4. OpenAI-Compatible Requests
Text to image
Cosmos3 text-to-image uses /v1/images/generations. The default Cosmos3 image response is b64_json, matching vLLM-Omni’s examples.
curl -sS -X POST http://127.0.0.1:30010/v1/images/generations \
-H "Content-Type: application/json" \
-d '{
"prompt": "A warehouse robot folds a blue cloth on a clean workbench.",
"size": "1280x720",
"n": 1,
"num_inference_steps": 35,
"guidance_scale": 6.0,
"flow_shift": 10.0,
"seed": 0,
"extra_args": {
"use_resolution_template": false,
"guardrails": true
}
}'
Text to video
Use /v1/videos to create an asynchronous job, then poll the job and download the completed MP4.
job_id=$(curl -sS -X POST http://127.0.0.1:30010/v1/videos \
--form-string "prompt=A small warehouse robot moves a blue box across a clean floor." \
--form-string "negative_prompt=blurry, distorted, low quality" \
--form-string "size=1280x720" \
--form-string "num_frames=81" \
--form-string "fps=24" \
--form-string "num_inference_steps=35" \
--form-string "guidance_scale=4.0" \
--form-string "flow_shift=10.0" \
--form-string "seed=42" \
--form-string 'extra_params={"guardrails":true,"use_resolution_template":false,"use_duration_template":false}' \
| python -c 'import json, sys; print(json.load(sys.stdin)["id"])')
while true; do
status=$(curl -sS "http://127.0.0.1:30010/v1/videos/${job_id}" \
| python -c 'import json, sys; print(json.load(sys.stdin)["status"])')
[ "$status" = "completed" ] && break
[ "$status" = "failed" ] && exit 1
sleep 1
done
curl -sS -L "http://127.0.0.1:30010/v1/videos/${job_id}/content" \
-o cosmos3_t2v.mp4
Image to video
This mirrors the official nvidia/Cosmos3-Nano Hugging Face image-to-video example:
import json
import time
from pathlib import Path
import requests
from huggingface_hub import snapshot_download
base_url = "http://127.0.0.1:30010"
model_dir = Path(snapshot_download("nvidia/Cosmos3-Nano"))
asset_dir = model_dir / "assets"
prompt = json.dumps(json.loads((asset_dir / "example_i2v_prompt.json").read_text()))
negative_prompt = json.dumps(
json.loads((asset_dir / "negative_prompt.json").read_text())
)
data = {
"prompt": prompt,
"negative_prompt": negative_prompt,
"size": "1280x720",
"num_frames": "189",
"fps": "24",
"num_inference_steps": "35",
"guidance_scale": "6.0",
"max_sequence_length": "4096",
"flow_shift": "10.0",
"seed": "1111",
"extra_params": json.dumps(
{
"use_resolution_template": False,
"use_duration_template": False,
"guardrails": True,
}
),
}
with (asset_dir / "example_i2v_input.jpg").open("rb") as image:
response = requests.post(
f"{base_url}/v1/videos",
data=data,
files={"input_reference": ("example_i2v_input.jpg", image, "image/jpeg")},
timeout=60,
)
response.raise_for_status()
video_id = response.json()["id"]
while True:
job = requests.get(f"{base_url}/v1/videos/{video_id}", timeout=30).json()

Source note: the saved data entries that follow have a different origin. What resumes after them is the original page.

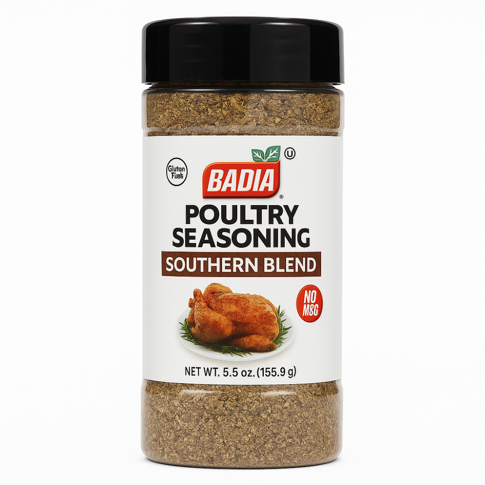 🍗🌿 أضف لمسة جنوبية أصيلة لأطباق الدجاج مع توابل الدواجن من باديا! مزيج مثالي من الأعشاب والتوابل الطبيعية، خالٍ من الجلوتين وبدون MSG. يمنحك طعمًا غنيًا ونكهة لا تُقاوم في كل وصفة!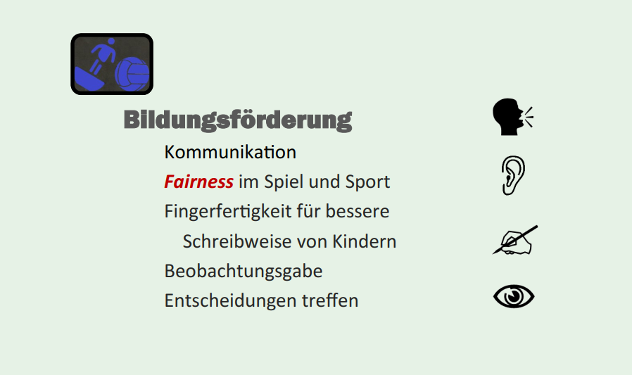 Sport-Tischfußball fördert die Kommunikation zwischen Schüler, weil die Spielregeln erlernt werden und während des Spieles die Situationen wie eine Eckball besprechen müßen. Der Schiedsrichter leitet das Spiel und trifft sachgerechte sportliche Entscheidungen.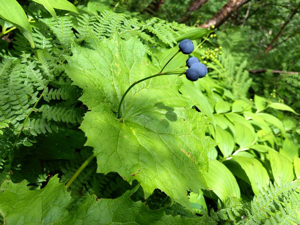 フキのような葉っぱにブルーベリーのような色と大きさの実がなっている不思議な植物です🌱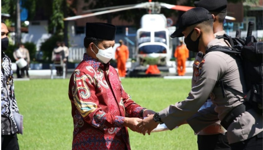 Manado, Sulutreview.com – Menteri Dalam Negeri (Mendagri) RI Tito Karnavian memimpin langsung jalannya Apel Pergeseran Pasukan ke Polres/Ta Jajaran Polda Sulut dalam rangka Pengamanan Pilkada Serentak Tahun 2020 Tahap Pemungutan Suara di Mapolda Sulut, Jumat (4/12/2020).

if job["status"] == "completed":
break
if job["status"] == "failed":
raise RuntimeError(job.get("error") or "Video generation failed")
time.sleep(1)
response = requests.get(f"{base_url}/v1/videos/{video_id}/content", timeout=300)

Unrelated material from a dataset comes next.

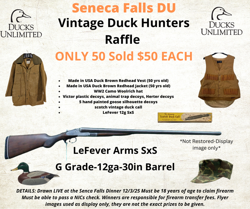 Firearms, hunting gear, waterfowl artwork, antique and new decoys, everything you need to win BIG & have one heck of a great time rasing money for wetlands conservation!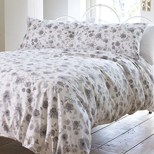 100% Cotton Grey Rose Design Duvet Cover Set White & Grey Superking Size

response.raise_for_status()
Path("cosmos3_i2v.mp4").write_bytes(response.content)
5. Cosmos3 Parameters
Cosmos3 supports the standard SGLang video and image fields such as size, num_frames, fps, num_inference_steps, guidance_scale, negative_prompt, and seed.

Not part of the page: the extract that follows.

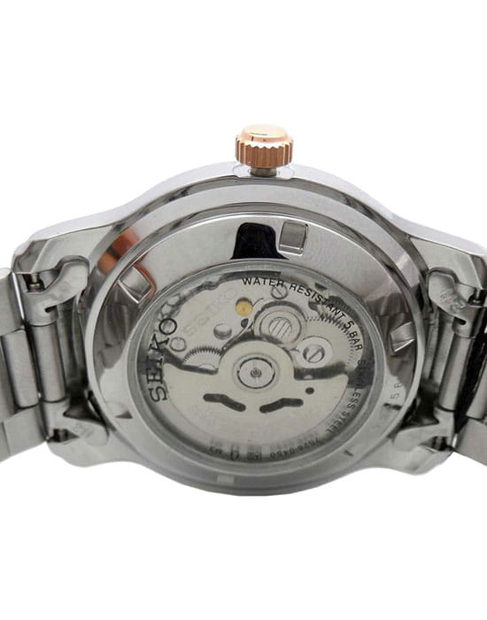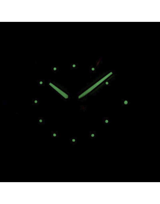 Наручные часы выполнены в классическом стиле, спортивные элементы делают акцент на надёжности и функциональности модели. Традиционный характер выражается в оснащении аксессуара японским механизмом Seiko 7S26 с возможностью ручного и автоматического завода. Калибр отличается сохранением запаса хода на 40 часов, его работу можно отследить через прозрачную завинчивающуюся заднюю крышку. В качестве основного материала была выбрана хирургическая сталь 316L с частичным PVD-покрытиемPVDУльтратонкое покрытие наносится в технике вакуумного напыления, сочетает в себе нитрид титана особой прочности со слоем золота или оксида хрома. Несёт в себе декоративную или защитную функцию., характеризующаяся устойчивостью к царапинам, повреждениям. Защиту циферблата обеспечивает прочное минеральное стекло Hardlex. На стрелки и метки нанесено яркое люминесцентное покрытиеЛюминесцентное покрытиеПозволяет считывать показания времени в темноте. Производители наносят на стрелки, часовые индексы, безель или поверхность циферблата светонакопительный состав, дающий холодное свечение.. Водостойкость при давлении до 5 бар позволяет принимать душ в часах, они выдержат дождь или мойку машины. На позиции 3 часов размещено окошко даты и дня недели. Диаметр корпуса: 42,3 мм.

Top-level Cosmos3 request fields:
max_sequence_length: maximum text token length used by the Cosmos3 tokenizer.
flow_shift: per-request scheduler flow shift. If omitted, SGLang uses --flow-shift, then the checkpoint scheduler default.
Put model-specific compatibility knobs in extra_params for video requests, or extra_args for image requests:
use_duration_template: whether to append SGLang’s generated duration suffix to video prompts.
use_resolution_template: accepted for vLLM-Omni request compatibility.
use_system_prompt: whether to add the Cosmos3 system prompt to the chat template.
guardrails or use_guardrails: per-request guardrail toggle when the server started with guardrails enabled.